** What the task asks **
Retype each line of the data below exactly, beginning with the first and ending with the one that contains "案号:(2025)沪0115". Pictures do not belong in the copy.

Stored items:
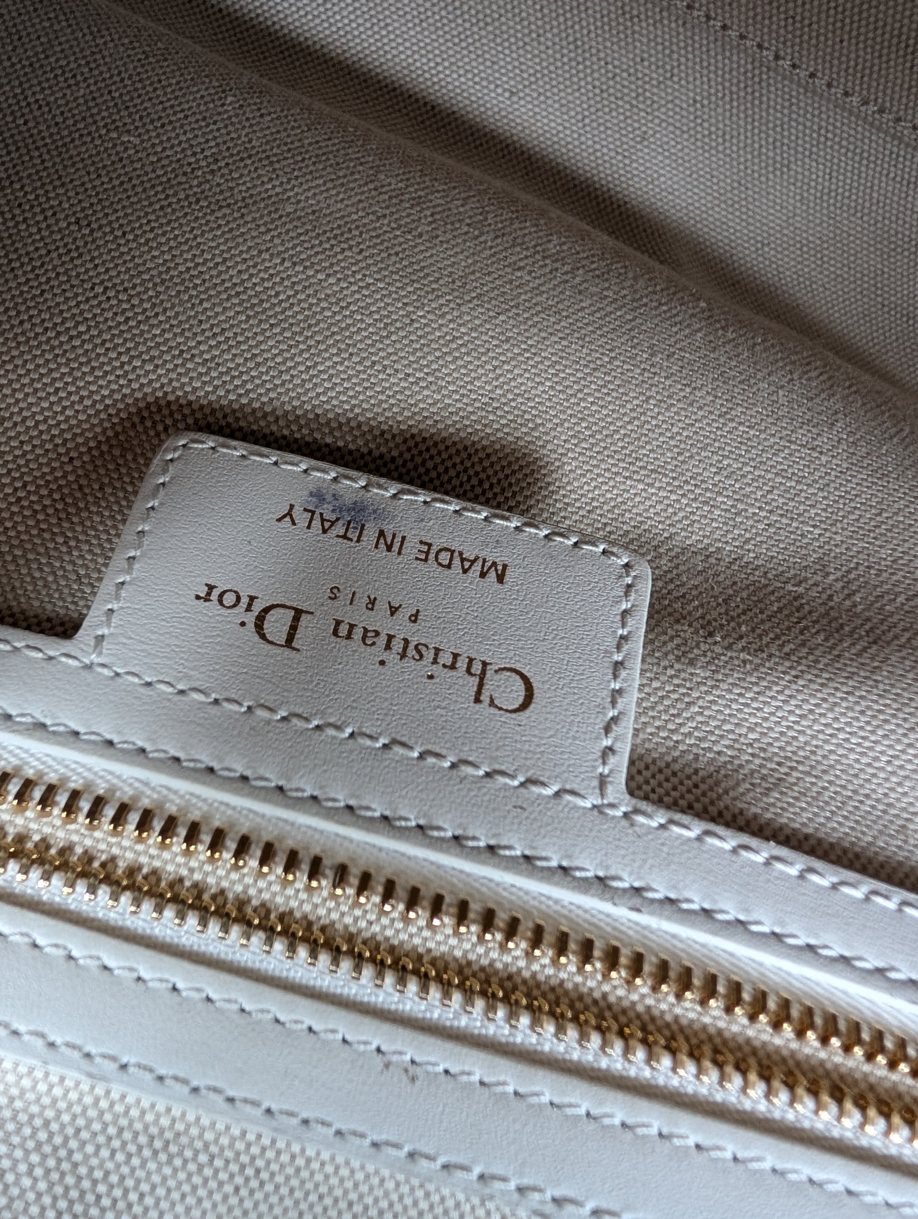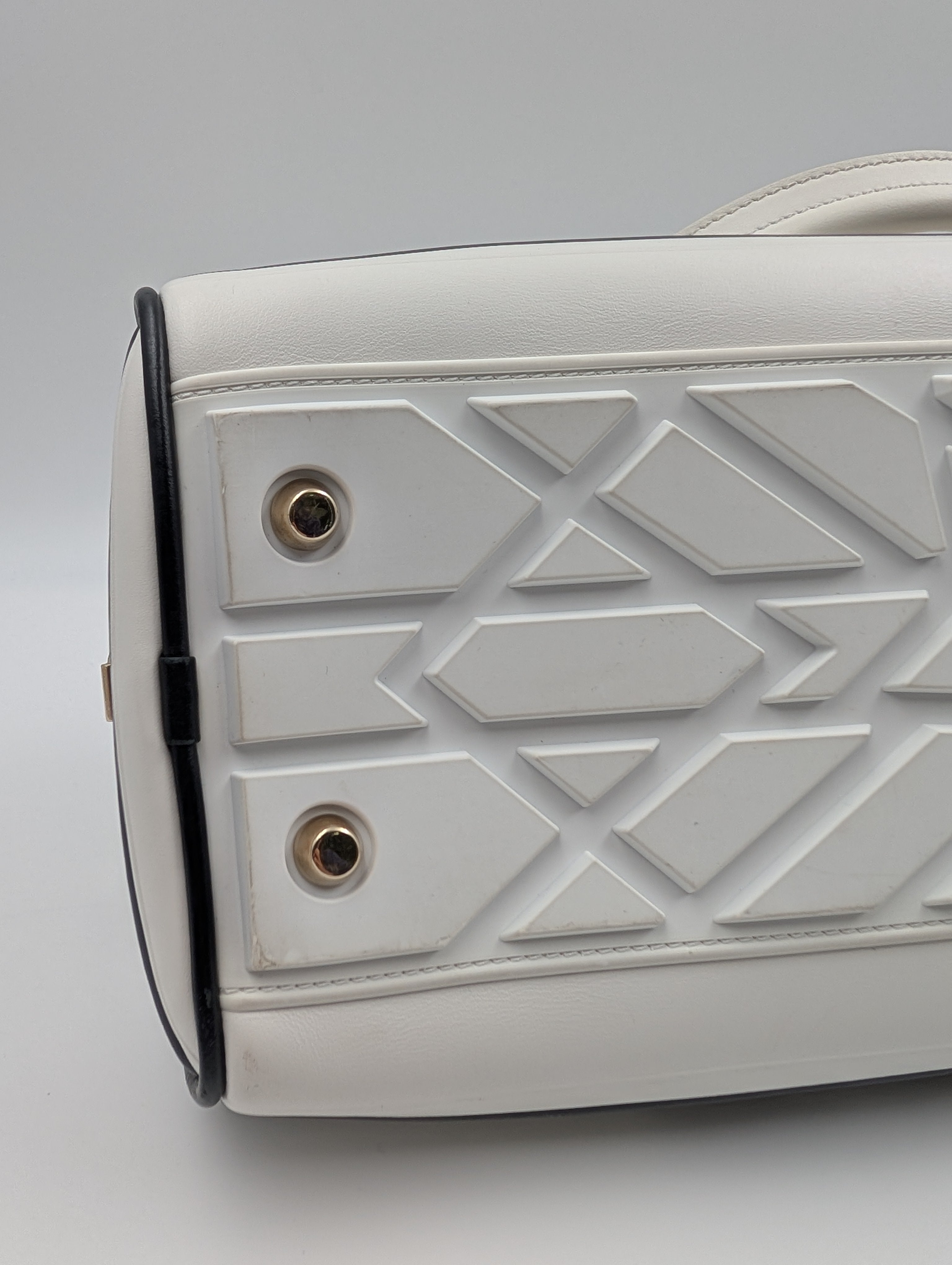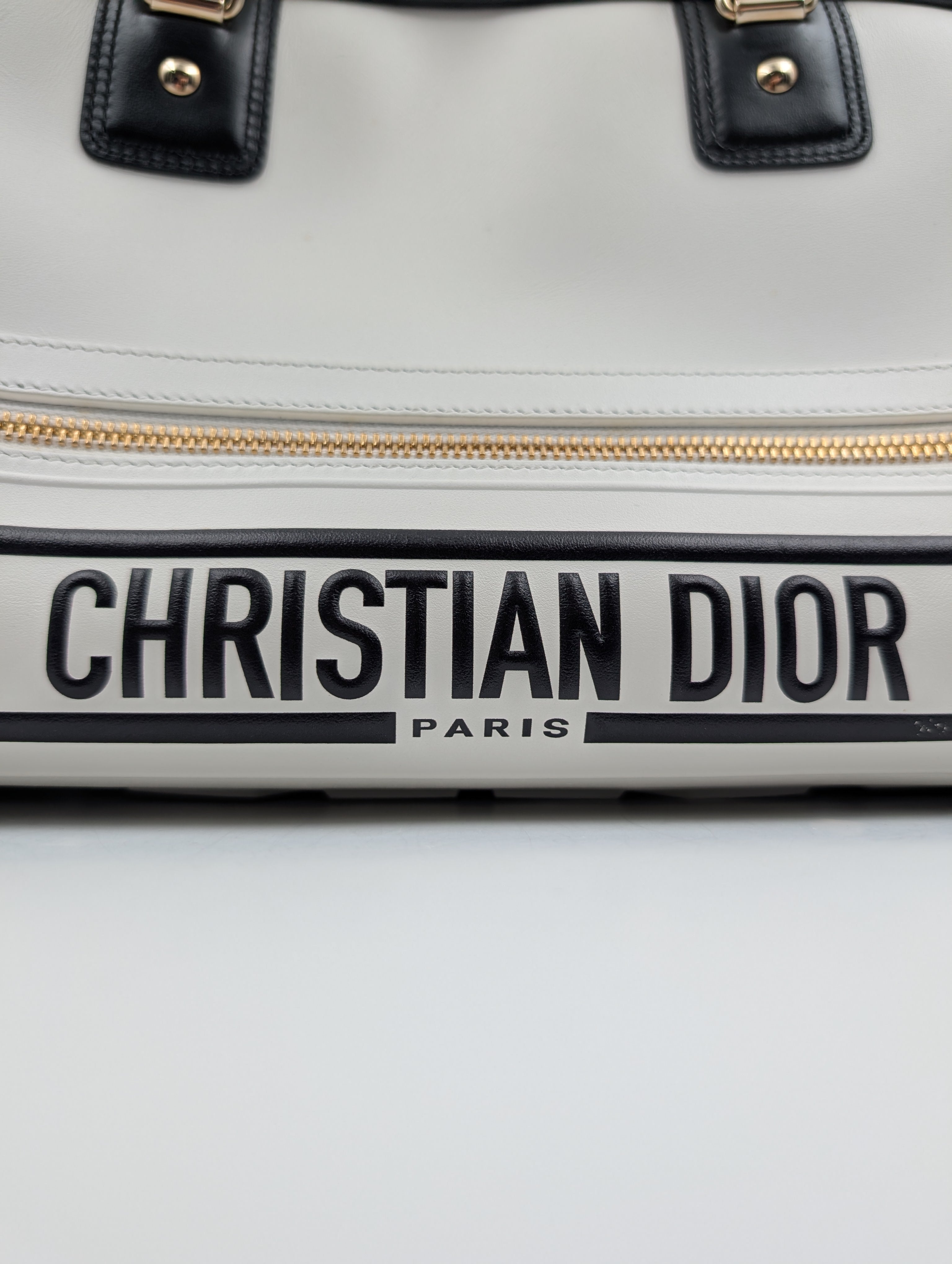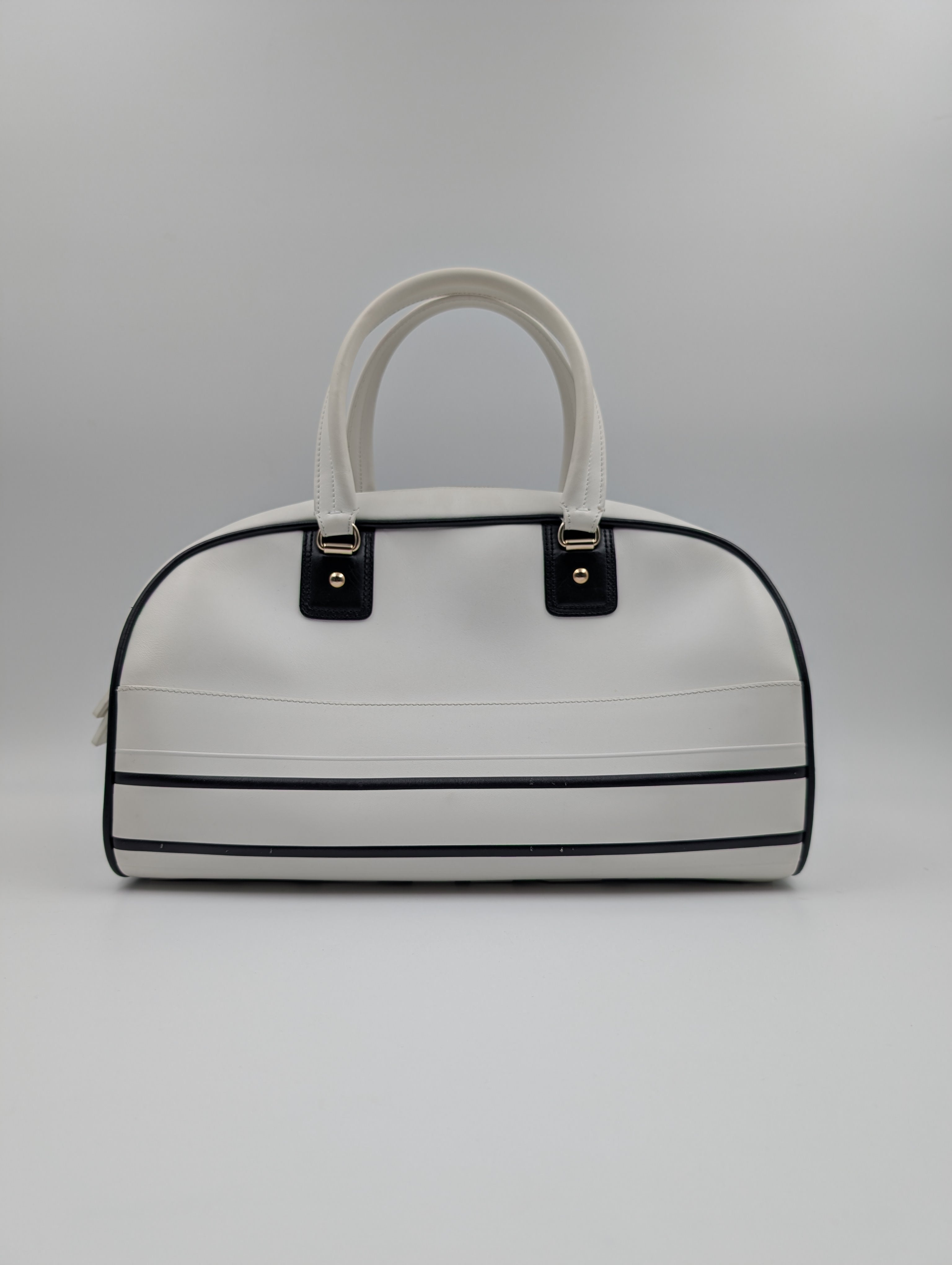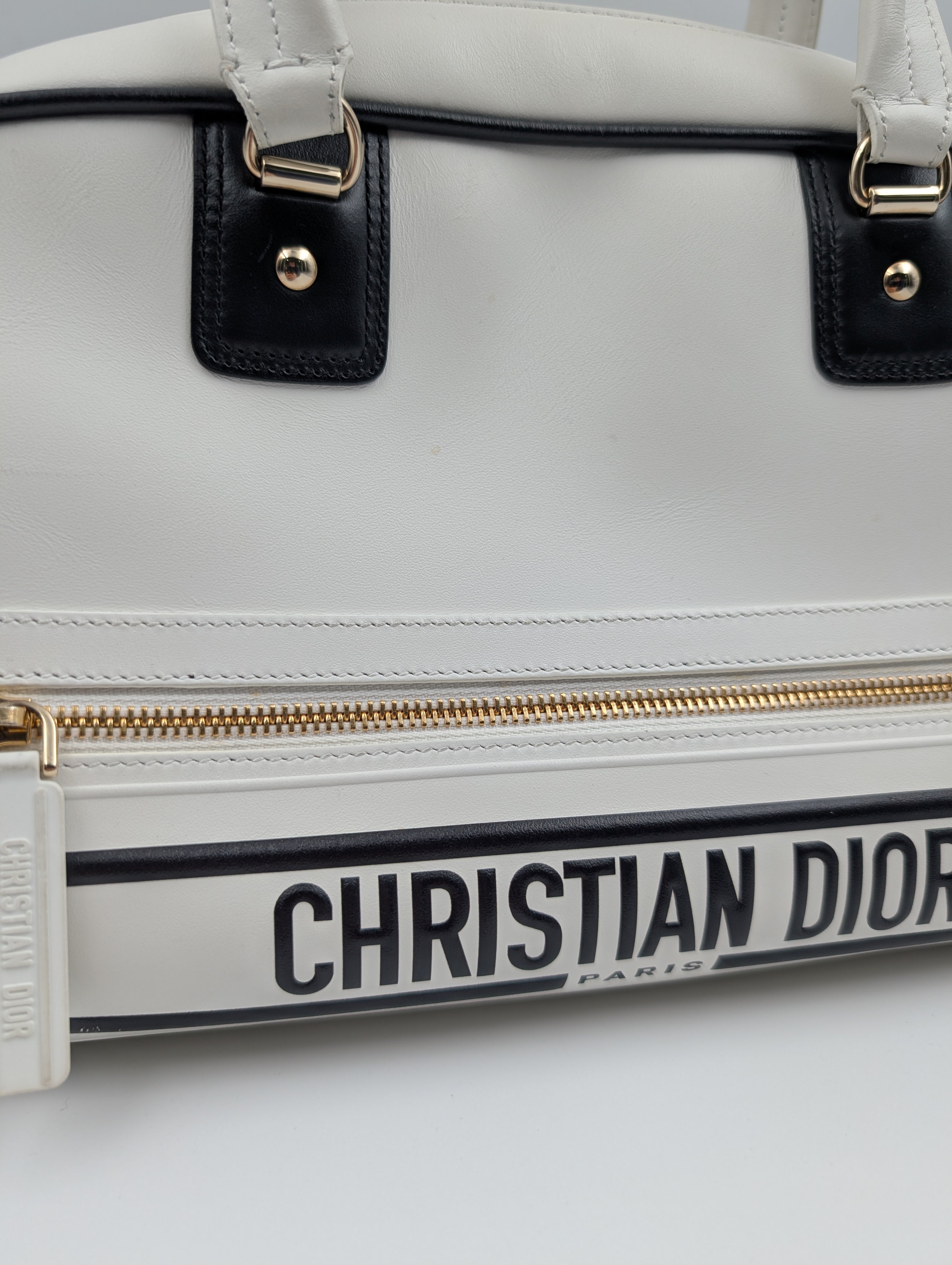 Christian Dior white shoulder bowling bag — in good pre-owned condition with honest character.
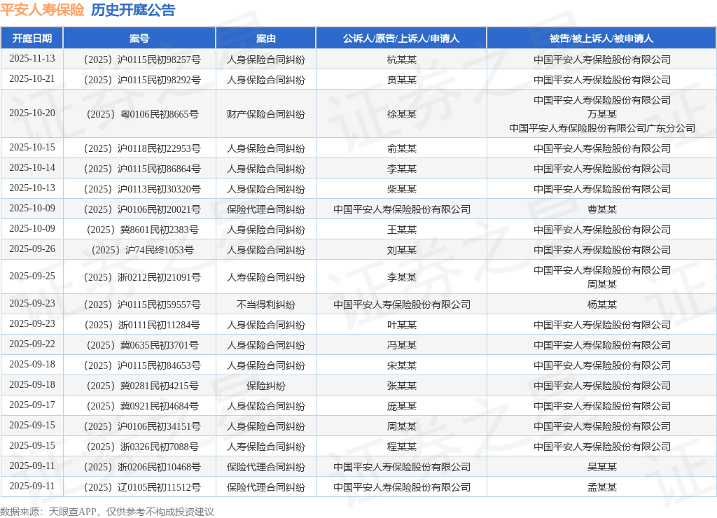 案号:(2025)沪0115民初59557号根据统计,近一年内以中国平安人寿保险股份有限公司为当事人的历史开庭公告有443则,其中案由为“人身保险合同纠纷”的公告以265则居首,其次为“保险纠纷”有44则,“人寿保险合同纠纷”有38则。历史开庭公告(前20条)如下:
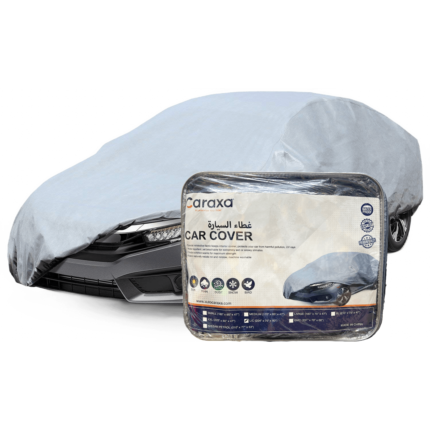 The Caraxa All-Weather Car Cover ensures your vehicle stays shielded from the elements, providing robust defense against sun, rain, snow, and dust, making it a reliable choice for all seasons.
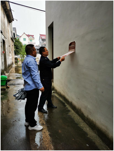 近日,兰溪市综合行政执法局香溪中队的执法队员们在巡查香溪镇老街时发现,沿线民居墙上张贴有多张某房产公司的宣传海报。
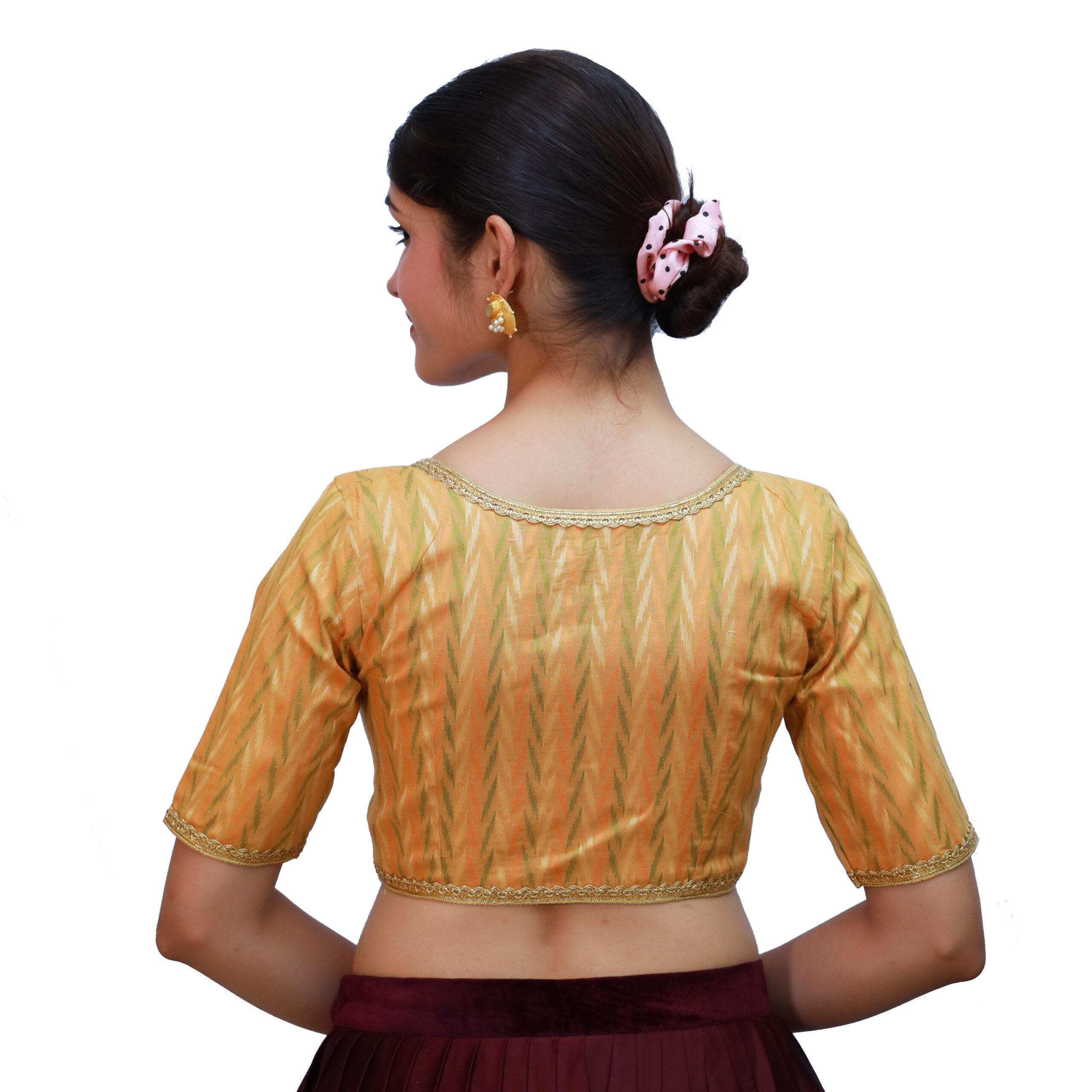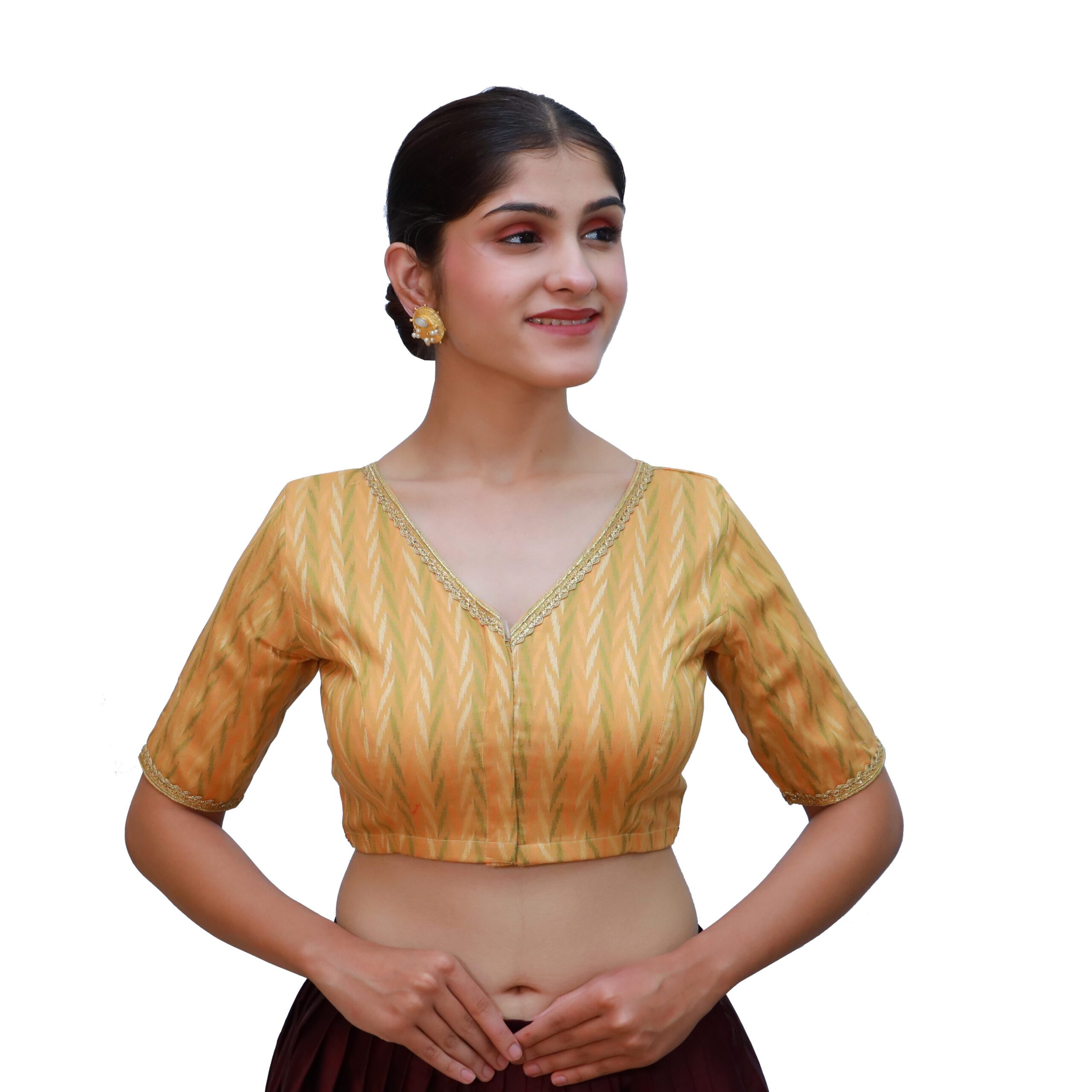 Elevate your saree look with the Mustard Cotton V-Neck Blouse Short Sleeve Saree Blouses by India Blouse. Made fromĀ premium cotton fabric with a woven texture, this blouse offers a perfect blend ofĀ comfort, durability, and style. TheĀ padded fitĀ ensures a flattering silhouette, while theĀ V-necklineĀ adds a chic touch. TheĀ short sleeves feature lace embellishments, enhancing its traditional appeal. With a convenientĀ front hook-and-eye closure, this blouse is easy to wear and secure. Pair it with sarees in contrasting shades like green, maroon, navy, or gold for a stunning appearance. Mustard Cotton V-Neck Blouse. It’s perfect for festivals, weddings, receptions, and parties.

** Written response **
 Christian Dior white shoulder bowling bag — in good pre-owned condition with honest character.
 案号:(2025)沪0115民初59557号根据统计,近一年内以中国平安人寿保险股份有限公司为当事人的历史开庭公告有443则,其中案由为“人身保险合同纠纷”的公告以265则居首,其次为“保险纠纷”有44则,“人寿保险合同纠纷”有38则。历史开庭公告(前20条)如下:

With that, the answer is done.